Eventi
Il 1974 e l’orrore di San Remo
L’orrore di Sanremo. Vado a letto sconfortato, confuso, con il mal di testa. Si prefigura un mondo di ritoccati, di rifatti, di anziani residui di magazzino rispolverati e tirati a lucido. Un mondo incanutito, visibilmente ritoccato, che parla d’amore. L’amore, eterno, inseguito, proclamato, indicizzato, tutto l’amore del mondo. In un mondo senza fiori (ma non era il festival dei fiori?), con una scenografia fatta di stagnola, con un rutilante e continuo effetto luci che nemmeno alla sagra dello sgombro. Con gag comiche telefonate, prevedibili, pasticciate. Con il buon Pierfrancesco Favino, che abbiamo nel cuore, ridotto al ruolo di valletta strapagata, a far da intrattenitore. Con il vecchio, consunto Claudio Baglioni, che non sopportavamo già venti anni fa, chiamato a far apparizioni di una noia devastante. Con Fiorello che dovrebbe dare l’entusiasmo, e sembra, ancora e sempre, un intrattenitore da club mediterranee e rimpiange Pippo Baudo. E la povera Michelle Hunziker, definita dai colleghi presentatori “l’elvetica”, che prende presto il controllo della situazione in un festival tutto o quasi declinato al maschile. Eccolo, il paese reale, vecchi tromboni, star che furono – inseguiamo ancora i Pooh? – poche donne, pochissimo under 50. Il segnale è chiaro, la normalizzazione è in atto, la prospettiva è disegnata. La prima serata di Sanremo detta legge, disegna lo scenario futuro. Chi c’è c’è. Non abbiamo altre speranze, in questo paese. Perché Sanremo è Sanremo. Non mancano belle canzoni: rimpiangiamo Lucio Dalla, o rispolveriamo il pop dei Decibel, ci dobbiamo commuovere per Gianni Morandi. Poi ascoltiamo due giganti come Enzo Avitabile e Peppe Servillo ridotti che nemmeno i neomelodici.

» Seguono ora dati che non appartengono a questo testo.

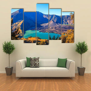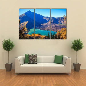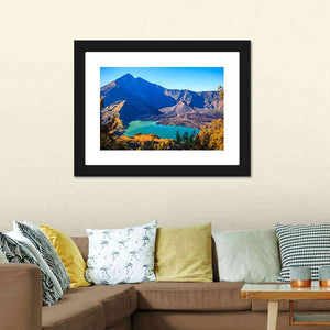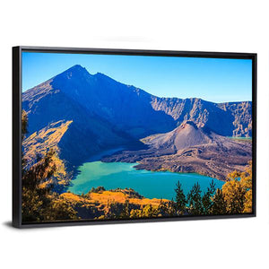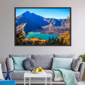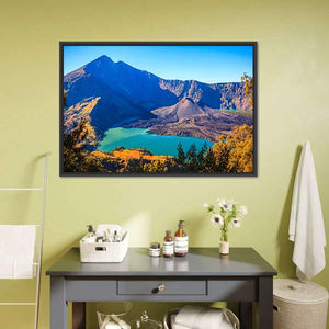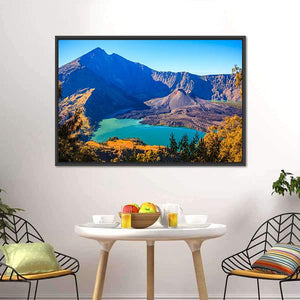 This canvas shows Mount Rinjani with its turquoise crater lake and volcanic cone from a wide, aerial perspective. The realistic landscape feels serene and majestic, and it suits modern or nature-focused rooms.
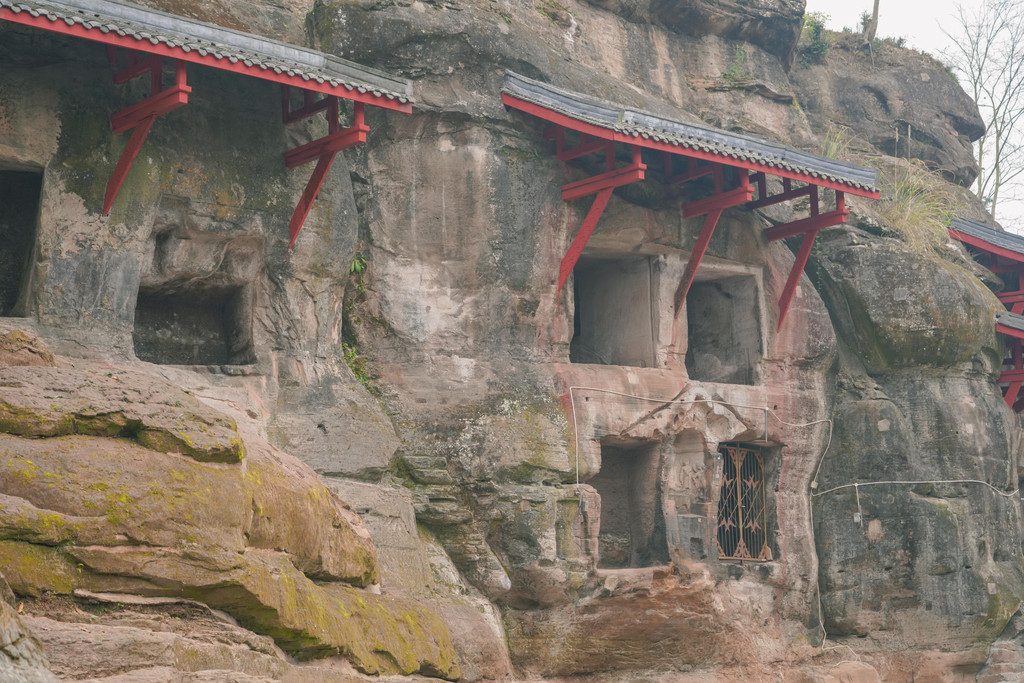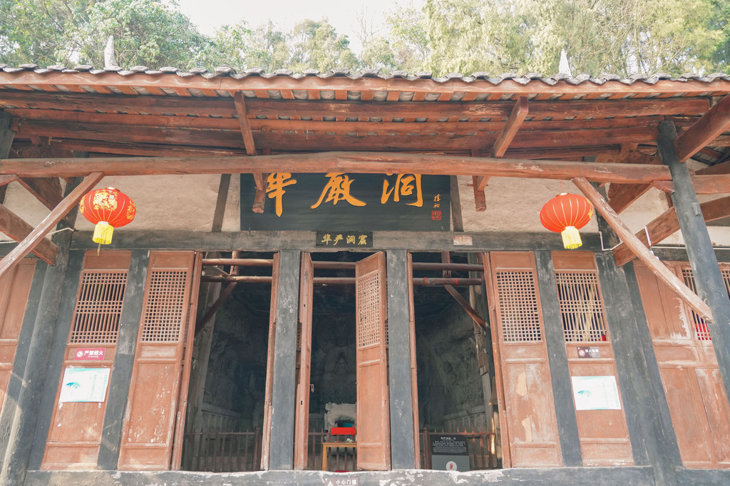 华严洞外有一个清代搭建的小檐,为了美观和保护作用。这个洞窟可以说是整个四川开凿得最大的一个摩崖洞窟,而且艺术价值和美观度达到了国内最高的一个窟,也是国内的十大洞窟之一。

Infine vdiamo Ornella Vanoni e capiamo. Capiamo tutto, il disegno, il progetto, il complotto. È in atto un complotto. Altrimenti non potremmo spiegarci perché un festival simile. Questa carrellata di anni 80 e 90, di maschilismi e machismi (e masochismi). I pochi che si salvano – Lo Stato Sociale, i declinati Elio e le Storie Tese – potrebbero raccontare storie diverse, attivare altre melodie e altre narrazioni. Ma sono subito ingoiati dalla norma, dalla palude, dal revival.
Cosa resterà di questi anni? Se Sanremo è l’anima sincera del Paese, allora non abbiamo molto da sperare per il futuro. L’amore è là: ed è l’unico o il principale tema di discussione. L’età avanza, il botox imperversa. Masterclass di chirurgia estetica, con risatine impacciate, parole non bene scandite da tutto quella plastica, tutto questo tira e molla di pelle, significati, doppisensi. Il regno del Viagra.
Abbiamo bisogno di essere accuditi, rasserenati, ammorbiditi. Claudio Baglioni, che sembra Silvester Stallone o Lilli Gruber, a seconda delle inquadrature, è il testimonial perfetto. Rimane sempre alla gag di prima, non capisce, non sa dove è né cosa fa. Ironizza su se stesso, come se questo potesse salvarlo. Non è più tempo di autoironie per salvare gente che sta al potere da 40 anni. E tu è del 1974. Sono passati 44 anni. Il Paese è ancora lì? Cosa abbiamo prodotto da allora? E il povero Favino, in questa prima serata emozionato che nemmeno una starlet, a segnare il declino di ogni speranza, come potrà salvare quel po’ di dignità che pure avrebbe dovuto portare in scena? Lui che avrebbe dovuto essere il rappresentante della “cultura delle parole”. Sommerso dalle rutilanti luci, dalle improbabili gag scritte da chissà chi, un attore di livello come lui si limita a pubblicizzare il film di Muccino che lo vede protagonista: cantando Cocciante, Bella senz’anima, altro pezzo del 1974. Tutto è chiaro, tutto è vischiosamente evidente. Il meglio del cinema italiano.
Dobbiamo tornare ad allora? Al ’74? Agli anni bui della strategia della tensione? Moriremo democristiani? Dobbiamo preoccuparci del vero amore? Oppure, semplicemente, siamo assuefatti ai novantenni ritoccati che rimpiangono i bei tempi andati?